We all saw the headlines in the lead up to the election: “Party X is up two percent!” Invariably, stashed away as an afterthought was “margin of error is 3.1 percent”.
What this means in the context of a two percent shift is that there is no statistically significant change. Problem is, margins of error don’t make for good headlines. Hardly clickbait: “No change in polls!”
At DOT, we love data of all shapes and sizes, and we’re troubled when the margin of error is treated like that sad, lonely uncle at a family gathering, just quietly ignored out the back. So why is it so important? It comes down to our attempts to understand uncertainty. Polls are a sample of behaviour. We get a much better indication from a census, much like a general election, where we ask everyone, but that is time-consuming and costly. As a consequence, we take samples. Even with best intentions, we are going to find natural variation from sample to sample. Instead, we use techniques that allow us to calculate what that natural variation is. This allows us to work out if there really is a change between polls.
This is where it gets exciting. To help us understand the variation, we try to explain as much about that variation with the data we have available. A statistical model tells us what we expect to happen, on average. The model also explains as much of the variation in the data as possible. Here, think of variation as plausible scenarios. Obviously what we expect to happen doesn’t always pan out – we can end up with unexpected scenarios.
But, like a jigsaw, if you put enough of the pieces together you can see the picture. Or, more importantly, the departure from the picture. This is one area that people consuming statistical models often struggle with. It’s not just about celebrating when a model prediction gets it right, but also delving into the model to understand why the projection was wrong. This is equally valuable. More importantly, this step helps build understanding and trust about the data and modelling process.

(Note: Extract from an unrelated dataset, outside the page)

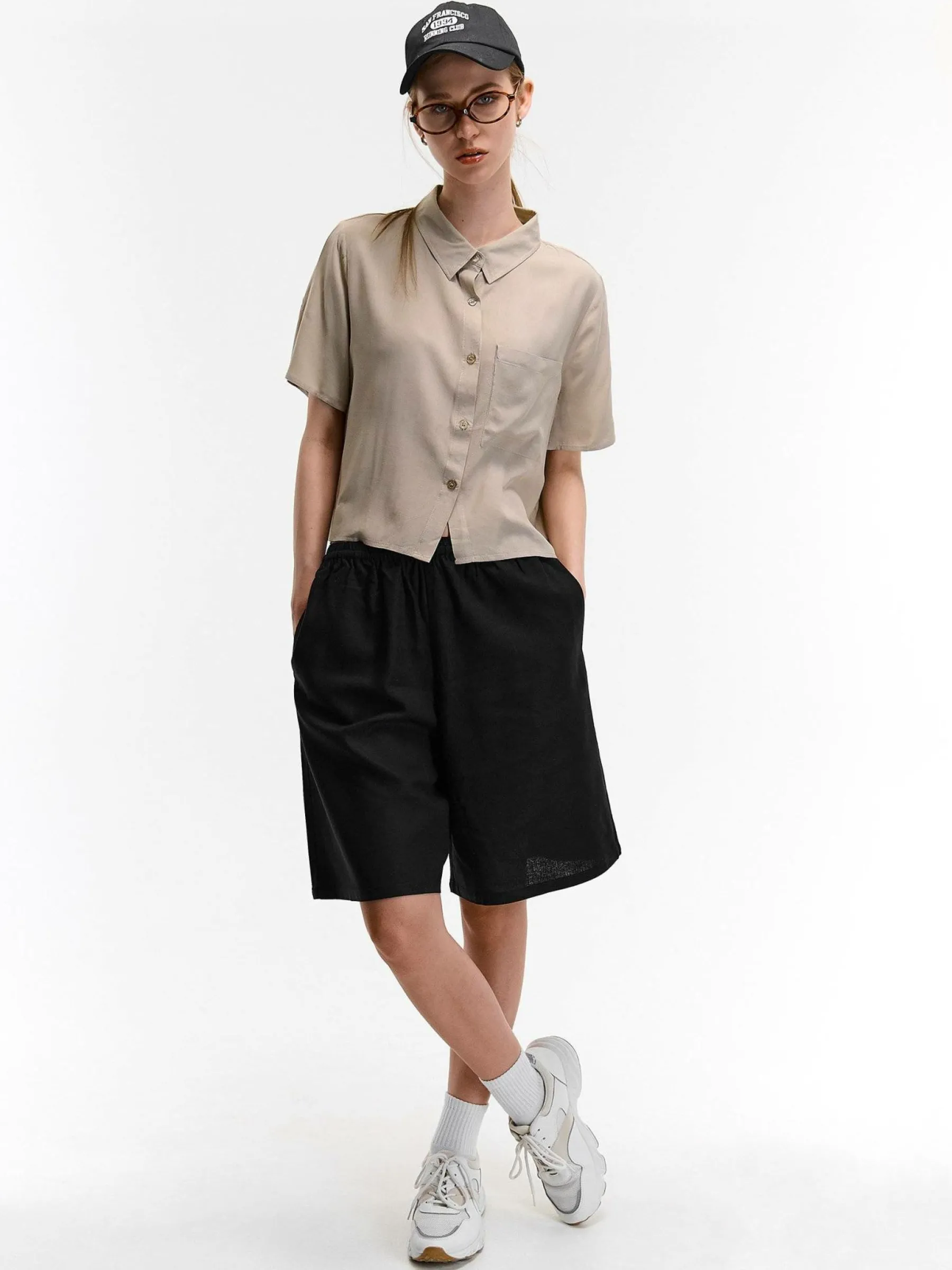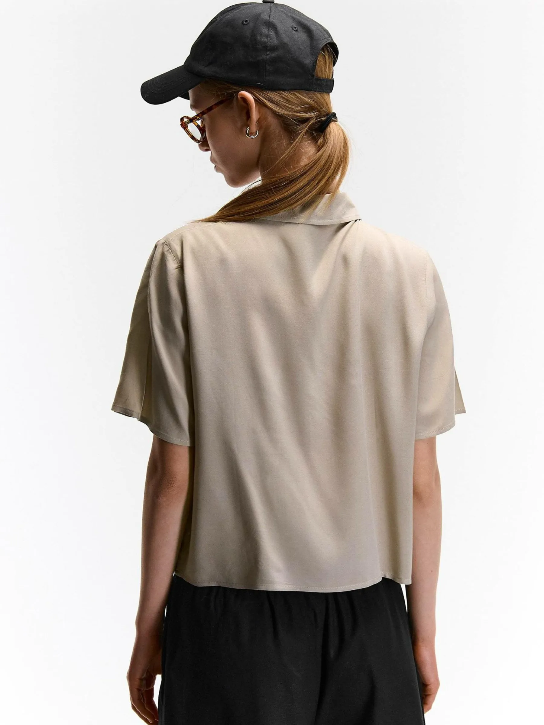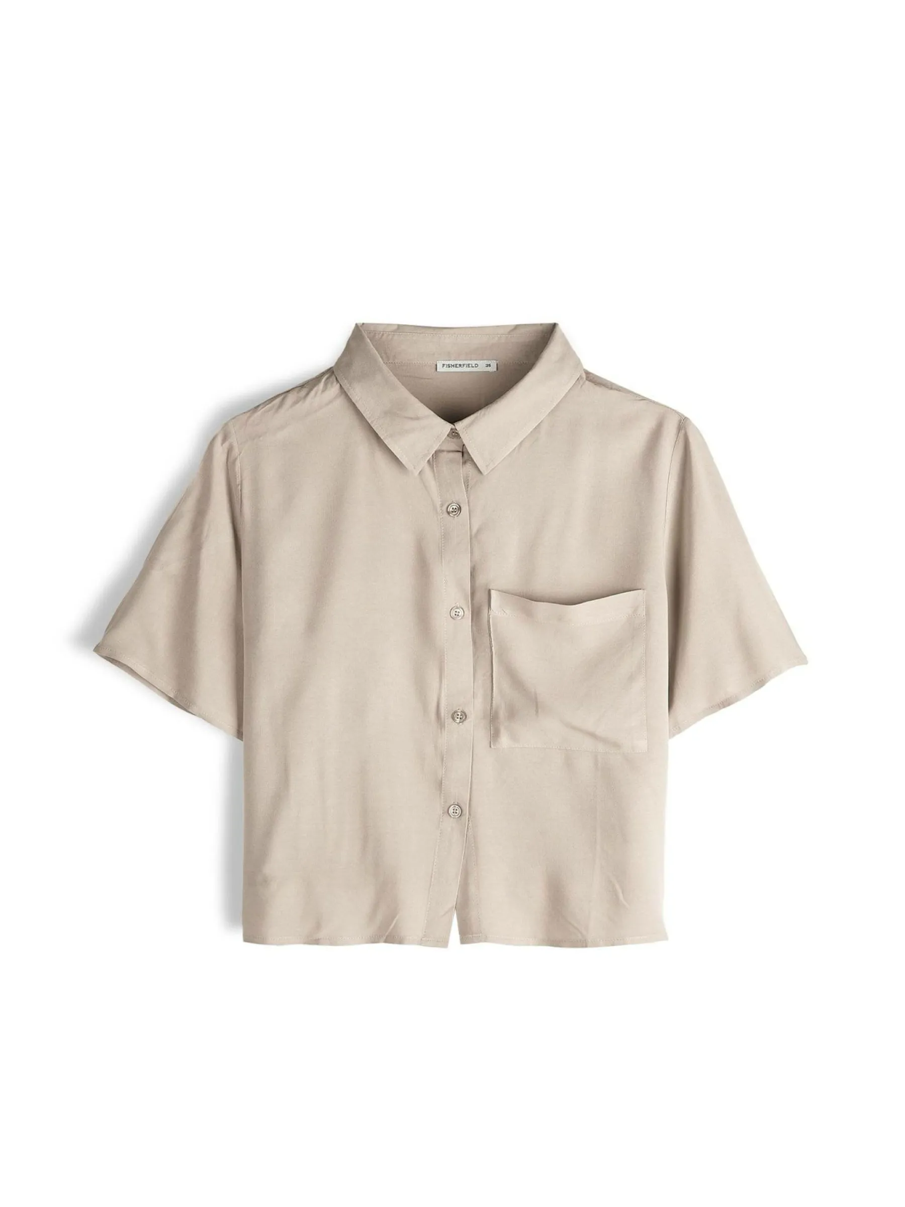 Kolor: beżowyKrój: podstawowyTyp: bluzkaRekaw: krótki rękawDługość: krótki topPattern style: pojedynczy kolorDet…

The deviation from the average in our data allows us to paint a richer picture. Think of the streams of data we are all exposed to in our daily lives that we look to make decisions with. We are immersed in a world of uncertainty and risk:
• Who is going to win this weekend?
• How much will that house be worth next year?
• Which TV shall I buy?
• Which customers are going to be interested in my new business?
Dr Paul Bracewell.
What we love about stats is the problem solving that goes into trying to understand how different elements combine to explain what is likely to happen. For example: on average, what is an extra bedroom going to do for the valuation on that property? This richer perspective is derived from the modelling process. Data and analytical techniques are used to derive insight. But, insights are only part of the process.
In my last article, I spoke about action from insight. Part of the requirement for action is trusting the model predictions. But, when it comes to polls, quantitative evidence isn’t used to explain the drivers of the difference from poll to poll. Part of this process is also ensuring that samples are representative of the population of interest. The challenge in driving action from insights can fall down if there is no trust. And a key component for building trust involves communicating results and including a discussion about variation. Let’s drag the margin of error away from the corner.
1. It’s not about the average, it’s about understanding what drives the variation that is of real interest when we are looking to act on data driven insight. Use the margin of error to understand if there really is a difference.
2. Understanding variation is like putting together a jigsaw, except there are no edge pieces. You may need to keep trying different variables and in different order to find a combination that works for you. This process should align with what you are trying to achieve as a business.
3. Building trust in predictive models requires explanations of why the model was both right, and not so right. This comes from interpreting the underlying elements in the model.